As for kidney health, individuals with pre-existing kidney damage might have to be careful, but in otherwise healthy individuals, higher protein intakes have not been shown to induce renal dysfunction. Higher protein diets—whether the protein is animal or plant-sourced—are associated with benefits for cardiometabolic health, reduced adiposity, and show no apparent adverse effects on kidney function. Moreover, considering that the Food and Nutrition Board of the Institute of Medicine of the U.S. National Academies of Sciences has written that the acceptable range of protein intake as a percentage of total calories for adults is 10-35%, and the vast majority of older people are not consuming anywhere near a 35% protein diet, it is unlikely that anyone runs the risk of consuming “too much” protein. If anything, government recommendations for protein intake are inadequate to meet the needs of older people.

With sarcopenia and dynapenia playing a significant role in declining health, mobility, and independence in one’s golden years, building and maintaining muscle mass is a crucial aspect of healthy aging. The current U.S. guidelines for protein intake for adults—0.8 grams of protein per kilogram of body weight per day—were shown to have adverse effects on nitrogen balance in healthy, ambulatory subjects ages 55-77, so imagine the effects in those who are already frail and infirm, or who are not even meeting that relatively low recommendation for protein intake. One study suggests that a daily protein intake of 1.0-1.25 grams per kilogram of body weight—one and a half times as much—is a more reasonable target for the elderly, and another suggests 1.0-1.3 grams per kilogram in order to maintain nitrogen balance. This is likely far more protein than the average older person is eating, particularly if they live alone.

Older individuals who live by themselves are more likely to pour themselves a bowl of cereal for dinner, or boil some noodles, rather than go to the bother of grilling a steak or baking a pork chop. Moreover, many older people have trouble chewing tough cuts of meat, which makes soft foods—rice, mashed potatoes, oatmeal (all high in carbohydrate)—even more appealing. And of course, digestive fire tends to decline with age, so there are multiple obstacles to older people increasing quality protein intake. But these are not insurmountable obstacles. For example, tough cuts of meat can be made fork-tender in a slow cooker, and these include cuts that are rich in collagen and connective tissue—such as oxtails and beef or lamb shanks—which may be particularly beneficial for people with joint pain and degeneration. People who have difficulty chewing can enjoy ground beef, lamb, pork, or turkey, loose sausage, meat loaf, and other protein preparations that are easier on the teeth. There’s also cottage cheese and yogurt for those who do well with dairy, and for those who can tolerate the higher carbohydrates, beans are a good choice for a high-protein food that’s easy to chew.
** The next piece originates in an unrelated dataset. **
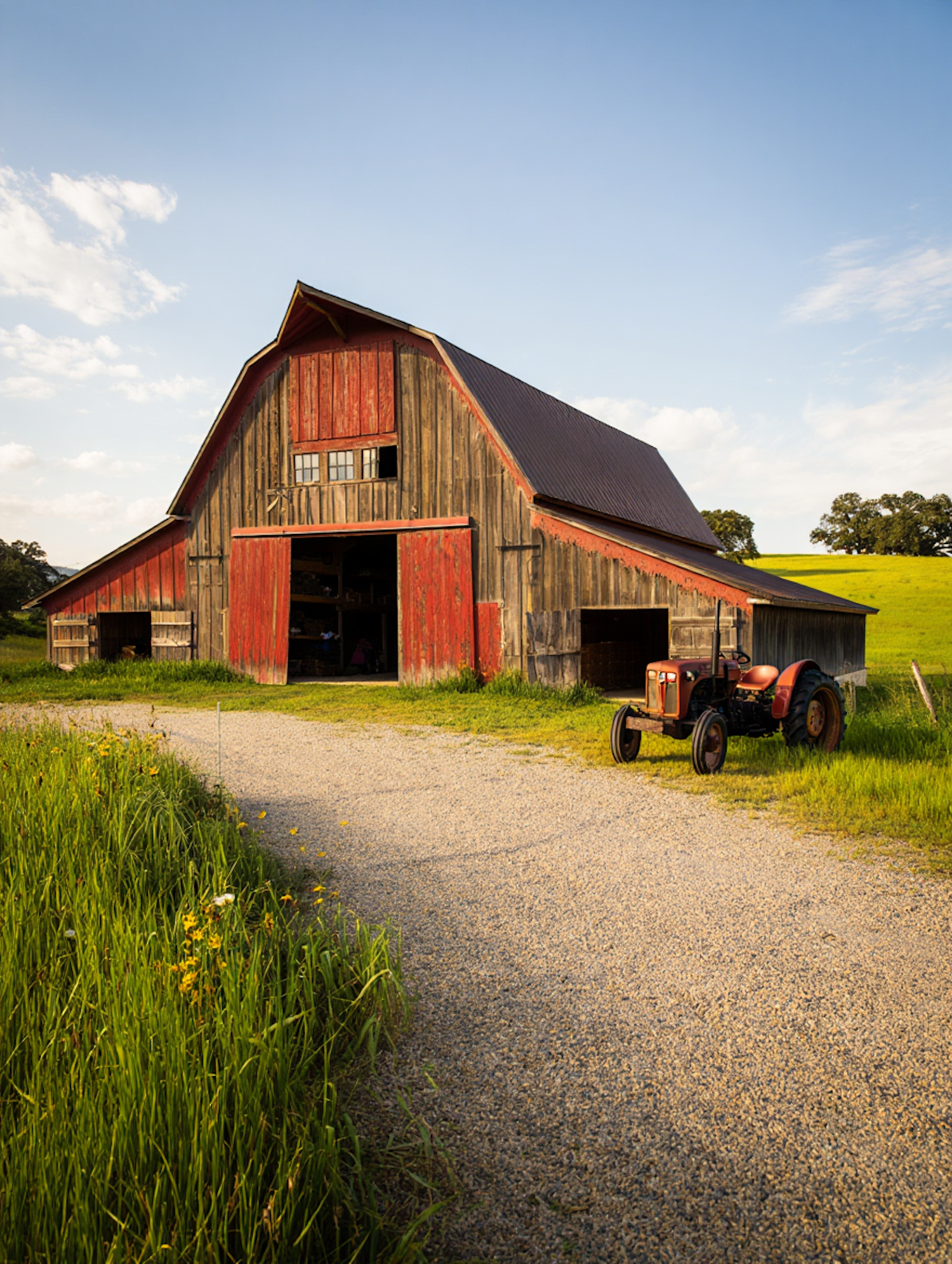 Rustic red barn and an old tractor bathed in warm sunlight on a gravel path, set against a serene countryside landscape.

Bottom line: older individuals who are likely to be skimping on protein may be the people who need protein the most. Higher protein intakes are associated with reduced frailty in older people, and some researchers suggest that the minimumdaily protein intake for adults age 65 and over should be raised to 1 gram per kilogram of body weight.

The controversies surrounding dietary fats and carbohydrates are not without meaning, but we seem to ignore the critical role of protein to our detriment.